Vent.. I hate myself at the moment 😔

Mon • 💑 08.09.14 || 💍 08.09.17 || 👰 08.09.18 || TTC #1 👶🏼

I dunno why I keep doing this to myself, perhaps I want it so bad, perhaps I want to give my husband what I feel he deserves.

I’ve been taking cheap eBay ovulation and HCG tests for the last 6 months. For the first time yesterday my HCG test had a vvvvvvvvfl but I threw it in the bin knowing it was an evap. Hours later I had another look out of curiosity (I know, I know silly me, should be reading results in time frame only) I had a look and the line had become darker.

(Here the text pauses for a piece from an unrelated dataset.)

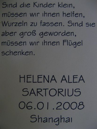 Und der Familie Sartorius fuer ihre Worte zur Geburt ihrer Tochter Helena und damit ihrem Beitrag zu unseren Abschlussgedanken:

Thinking nothing really of it I kept the test aside and did another one in the evening. No faint line straight away but a vvvvvvfl appeared yet again outside of the time frame (an hour later).

I did another one this morning with FMU and the vvvvvfl appeared half an hour.

I’m honestly at a point with this where even getting a false line feels better than a negative altogether.

All the lines are pink still and the strips were still wet when I checked them (it’s 18• degrees Celsius here at most during the day at the moment so things don’t really dry quickly 🤷🏽‍♀️).

Has anyone done similar things to keep themselves hopeful? Has anyone had lines like these appear that turned out to be positive later on?